◆ Extracted entries:
──────────────────────────────

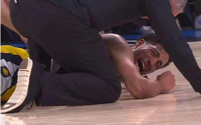首节比赛中,步行者当家球星哈利伯顿在突破中无对抗下右脚跟腱拉伤倒地,表情十分痛苦,不停摇头狂拍地板,随后退出本场比赛。
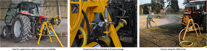 The COMMANDO 2000 Series PTO units offer a choice of three alternative pump models to suit individual requirements. Ideal for applications where a tractor is available. A high performance cleaner providing exceptional value for money.
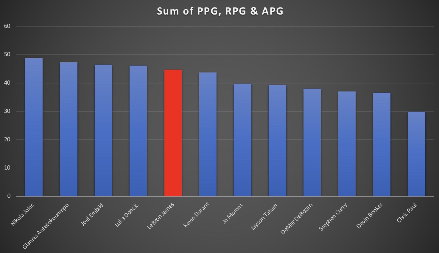 I think these graphs are enough now to properly show how absurdly good LeBron was in his 19th season. Players shouldn’t be this good this late in their careers. Opposition players learn to guard them better, they begin to slow down and injuries often play a significant factor. But LeBron James is still performing at this level. Now admittedly the Lakers did miss the playoffs this season, but when their star player is performing at this level, then it’s pretty clear that it isn’t his fault that the team isn’t winning enough games. LeBron has proven in the past that he can drag an average team to the finals: just look at the Cavaliers team that he dragged to the 2007 finals. There were a lot of issues in the 2021/22 Lakers, including chemistry issues and Anthony Davis and Russell Westbrook just not performing to the standard expected of them, but also the Western Conference was incredibly strong last season. It was an incredibly disappointing season for the Lakers, but not for LeBron. He was exceptional, and can only do so much when the other players simply aren’t performing.
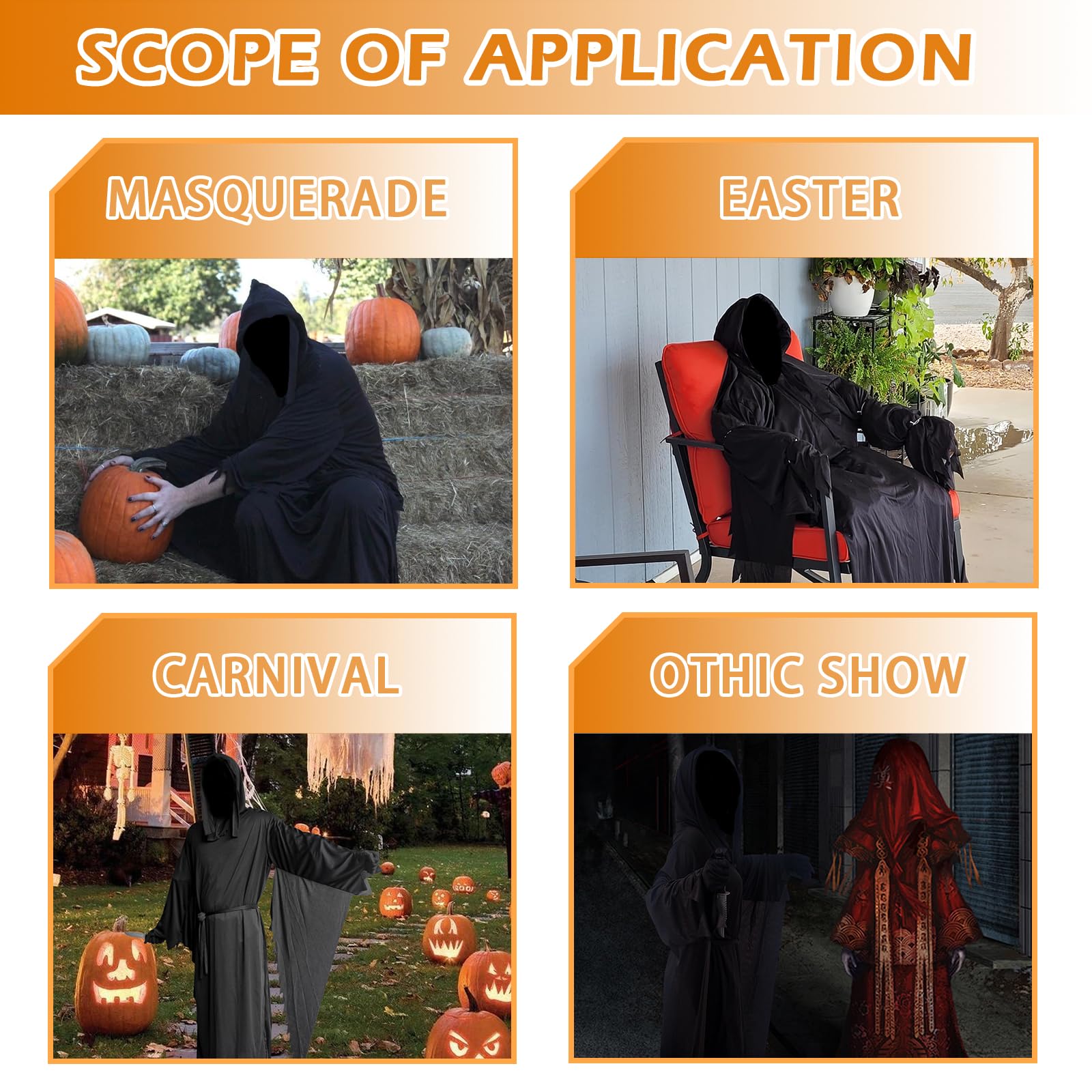 【Includes】: This scary costume includes a Hooded Robe, Black Gloves, Belt and Handheld Props set.
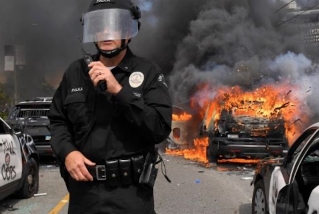 Even prior to the deployment of LAPD officers many protesters were already setting fires, vandalizing, and looting private businesses.
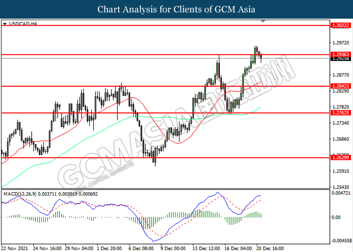 USDCAD, H4: USDCAD telah didagang dengan lebih tinggi sementara kini menguji di tahap rintangan 1.2935. Namun, MACD yang memaparkan momentum bullish yang berkurangan mencadangkan pasangan ini untuk mengalami pembetulan teknikal bagi jangka pendek.
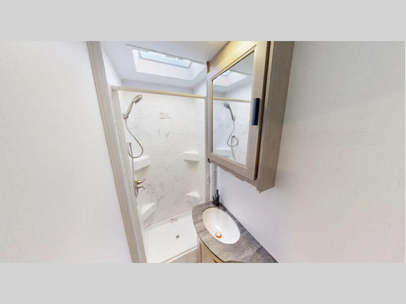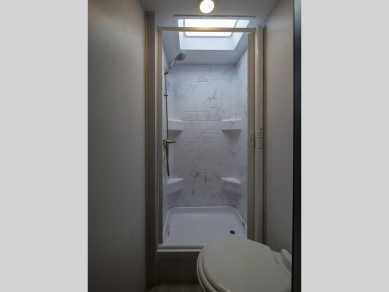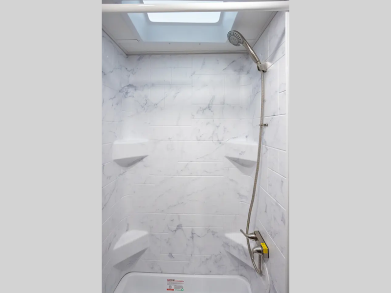 The exterior consists of a crowned, laminated fiberglass roof, a one-piece seamless fiberglass cap, awning toppers over the slide outs, an integrated entry step, and 2"-thick gel-coat sidewalls with lightweight composite waterproof material. The sideview and backup cameras will help you park your coach, and the high-pressure oxygen-infused shower head will give you a pleasant shower experience. You'll also have a Maxx Air multi-speed power fan with cover in the kitchen, and another kitchen feature you'll love is the 1.3-cubic foot convection microwave. You also have the ability to add an optional solar-powered 12V charging system.

──────────────────────────────

◆ Work instruction:
May I have only the lines from the start of the data through the line containing "Even prior to", both included, reproduced exactly and without the pictures?

◆ Expected output:
首节比赛中,步行者当家球星哈利伯顿在突破中无对抗下右脚跟腱拉伤倒地,表情十分痛苦,不停摇头狂拍地板,随后退出本场比赛。
 The COMMANDO 2000 Series PTO units offer a choice of three alternative pump models to suit individual requirements. Ideal for applications where a tractor is available. A high performance cleaner providing exceptional value for money.
 I think these graphs are enough now to properly show how absurdly good LeBron was in his 19th season. Players shouldn’t be this good this late in their careers. Opposition players learn to guard them better, they begin to slow down and injuries often play a significant factor. But LeBron James is still performing at this level. Now admittedly the Lakers did miss the playoffs this season, but when their star player is performing at this level, then it’s pretty clear that it isn’t his fault that the team isn’t winning enough games. LeBron has proven in the past that he can drag an average team to the finals: just look at the Cavaliers team that he dragged to the 2007 finals. There were a lot of issues in the 2021/22 Lakers, including chemistry issues and Anthony Davis and Russell Westbrook just not performing to the standard expected of them, but also the Western Conference was incredibly strong last season. It was an incredibly disappointing season for the Lakers, but not for LeBron. He was exceptional, and can only do so much when the other players simply aren’t performing.
 【Includes】: This scary costume includes a Hooded Robe, Black Gloves, Belt and Handheld Props set.
 Even prior to the deployment of LAPD officers many protesters were already setting fires, vandalizing, and looting private businesses.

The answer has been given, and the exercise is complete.